Class 15: Recursive Data Types


You should read MCS Chapter 7 this week.

Problem Set 6 is due 20 October (Friday) at 6:29pm.

Python code from class and list definitions: pairs.py

Proving Correctness

def slow_power(a, b):
   y = 1
   z = b
   while z > 0:
      y = y * a
      z = z - 1
   return y

We model the Python program with a state machine:

$S ::= \mathbb{N} \times \mathbb{N}$
$G ::= { (y, z) \rightarrow (y \cdot a, z - 1) \, | \, \forall y, z \in \mathbb{N}^{+}}$
$q_0 ::= (1, b)$

It is important to remember this is a model. It does not capture many important aspects of execution of a real Python program. In particular, it only models inputs in $\mathbb{N}$, when the actual inputs could be other types in PYthon. It also assume all math opderations work mathematically, not Pythonically.
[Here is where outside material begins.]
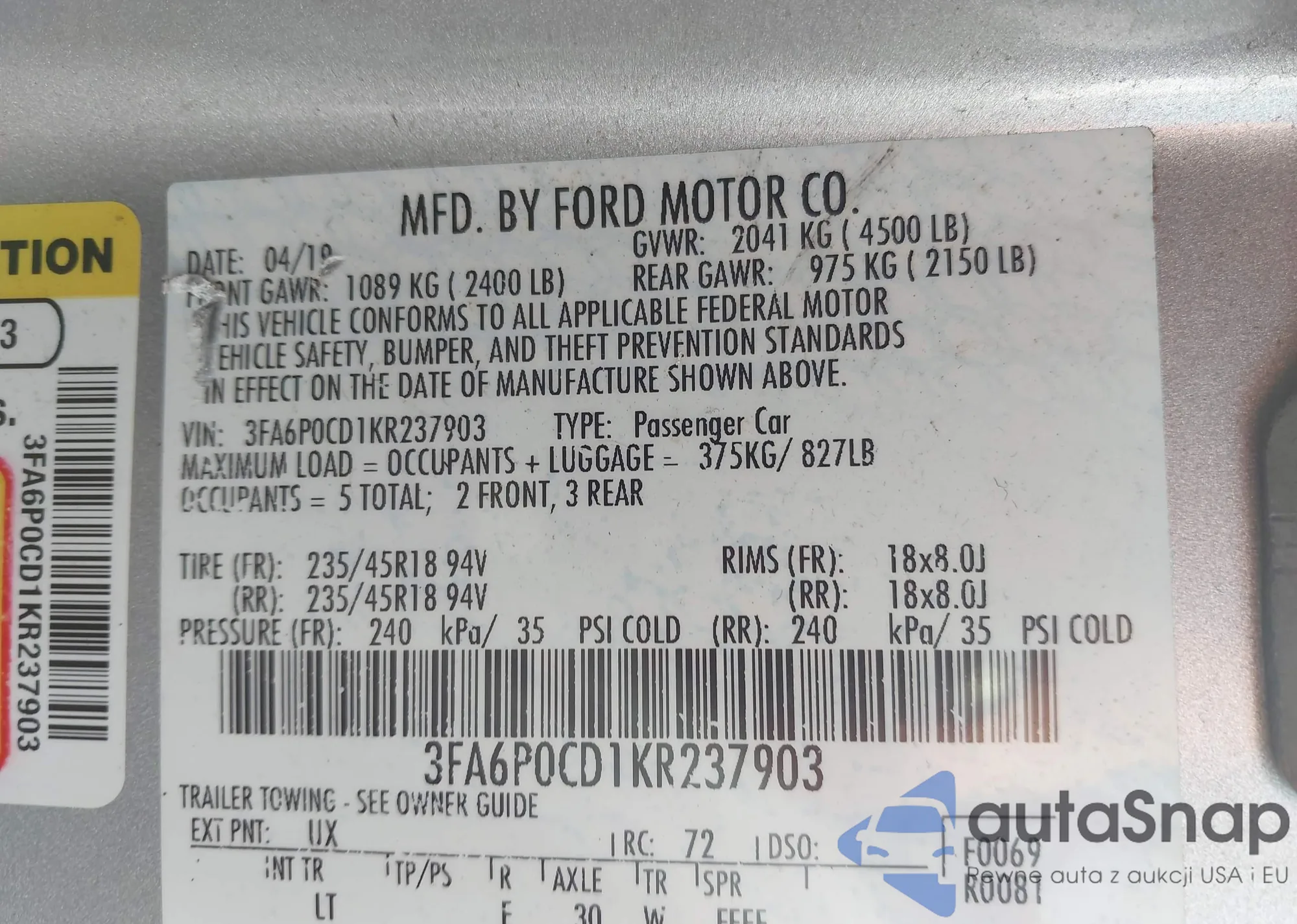 LOT: 40913265 VIN: 1FTFW1CF6DKG07206

To prove partial correctness, we show $P(q = (y, z)) := y = a^{b-z}$ is a preserved invariant. Then, we show that it holds in state $q_0$. Finally, we show that in all final states, $y = a^b$.

Invariant is Preserved: We need to show that $\forall q \in S . \forall t \in S . (q, t) \in G \implies P(q) \implies P(t)$.
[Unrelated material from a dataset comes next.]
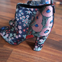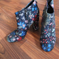 Sam Edelman size US womens 8.5 what is im guessing a brocade or jacuqard type of floral fabric on the bootie shoes. The heeled boots are super cute and i think i wore them once soo long ago so they're in great shape. they need a loving home. moderate creasing at vamps.

  1. $q = (y, z)$. $P(q = (y, z))$: $y = a^{b-z}$.
  2. If there is an edge from $q$ to $t$, that means $t = (y \cdot a, z-1)$ and $z \ge 1$ since this is the only edge from $q$ in $G$.
  3. We show $P(t = (y \cdot a, z-1))$ holds by multiplying both sides of $P(q)$ by $a$: $$ya = (a^{b -z}) \cdot a = a^{b - z + 1} = a ^{b - (z - 1)}.$$

Invariant holds in $q_0$: $q_0 = (1, b)$. So, we need to show $P(q_0 = (1, b))$: $1 = a^{b - b}$. This holds since $a^{0} = 1$.
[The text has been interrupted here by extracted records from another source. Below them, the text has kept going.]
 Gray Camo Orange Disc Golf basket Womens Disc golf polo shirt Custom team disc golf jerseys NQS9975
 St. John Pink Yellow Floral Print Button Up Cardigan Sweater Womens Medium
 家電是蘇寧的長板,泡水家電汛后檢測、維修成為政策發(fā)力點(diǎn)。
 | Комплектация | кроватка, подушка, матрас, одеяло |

Final states: All states where $z \ge 1$ have an outgoing edge, but no states where $z = 0$ do. So, the final states are all of the form $(\alpha, 0)$. If a final state is reachable from $q_0$, the invariant must hold since we proved it is preserve. Hence, in the final state $(\alpha, 0)$ we know $\alpha = a^{b}$.

This proves partial correctness: if the program terminates, it terminates in a state where the property ($y = a^b$ is satisfied). To prove total correctness we also need to know the execution eventually reaches a final state.

We prove this by showing that from any initial state $q_0 = (1, b)$, the machine will reach a final state $q_f = (y, 0)$ in $b$ steps. The proof in class used the Well Ordering Principle. You could also prove this using regular Induction.


What is the difference between scalar data and compound data structures?

Definition. A $\text{\em Pair}$ is a datatype that supports these three operations:
\begin{quote} $\text{\em make_pair}: \text{\em Object} \times \text{\em Object} \rightarrow \text{\em Pair}$
$\text{\em pair_first}: \text{\em Pair} \rightarrow \text{\em Object}$\
$\text{\em pair_last}: \text{\em Pair} \rightarrow \text{\em Object}$\
\end{quote} where, for any objects $a$ and $b$, $\text{\em pair_first}(\text{\em make_pair}(a, b)) = a$ and $\text{\em pair_last}(\text{\em make_pair}(a, b)) = b$.

def make_pair(a, b):
    def selector(which):
        if which:
            return a
            return b
    return selector

def pair_first(p):
    return p(True)

def pair_last(p):
    return p(False)


Definition (1). A List is either (1) a Pair where the second part of the pair is a List, or (2) the empty list.

Definition (2). A List is a ordered sequence of objects.